Supply-side vs. Demand-side Policies

The U.S. and EU have come at the problem of making hydrogen a major energy source, and addressing climate change, in the opposite directions, said Michel Heijdra, the Netherlands’ vice minister of climate and energy.

“The U.S. for certain reasons, of course, focuses on subsidies in the value chain, whereas Europe focuses on carbon pricing and setting certain obligations for that offtake,” he added.

Both are spending money to help stand up hydrogen and other decarbonization options, and ultimately Europe will need to focus on cutting the cost of the fuel to get wide adoption, while the supply subsidies alone likely will not be enough to have major industries adopt new fuels and equipment, he added.
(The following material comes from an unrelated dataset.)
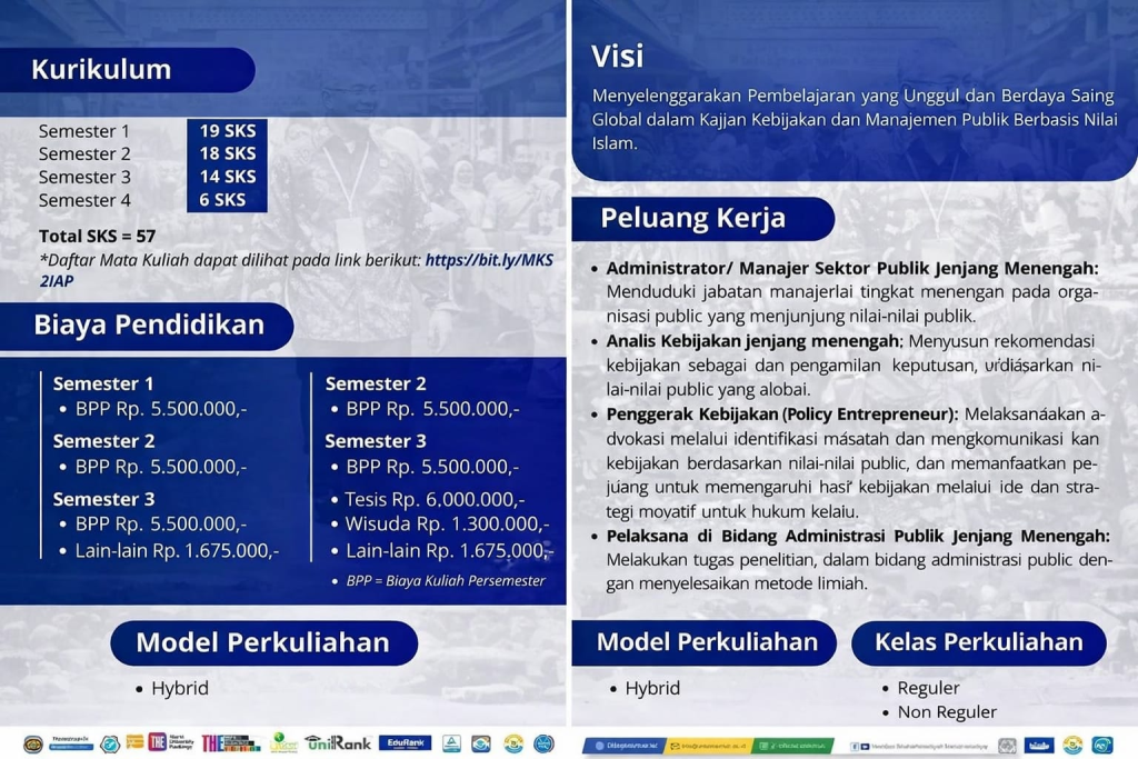 Untuk informasi lebih lanjut, calon mahasiswa dapat menghubungi kontak resmi Program Studi S-2 Ilmu Administrasi Publik melalui nomor 0812-4111-2551 (Prodi S-2 IAP), 0811-454-259 (LPMB), atau 0852-4264-6959 (RPL). Dengan fondasi akademik yang kuat dan orientasi pada kebutuhan sektor publik, program ini diharapkan terus berkontribusi pada pengembangan kebijakan dan tata kelola publik yang berkelanjutan.

The international community also eventually will have to come together to make some standards around hydrogen production so that customers can be sure they are getting what they pay for, said David Hart, partner at consulting firm ERM.

“We’ve learned, I think, from previous areas where we have not done this as well, in biofuels and other jurisdictions where it’s quite easy to game markets by taking a biofuel that’s produced somewhere and moving it,” Hart said. International agreements around hydrogen need to be structured carefully so that such gaming is not easy to do, he added.

High Costs Must be Cut

BP already uses hydrogen at refineries it runs around the world, but it uses traditional “gray” hydrogen, produced by natural gas without any carbon capture, said Vice President Tomeka McLeod.

“There still is quite a big gap between … the cost of gray hydrogen under levelized costs versus what you would see for clean hydrogen … even with the Inflation Reduction Act,” McLeod said.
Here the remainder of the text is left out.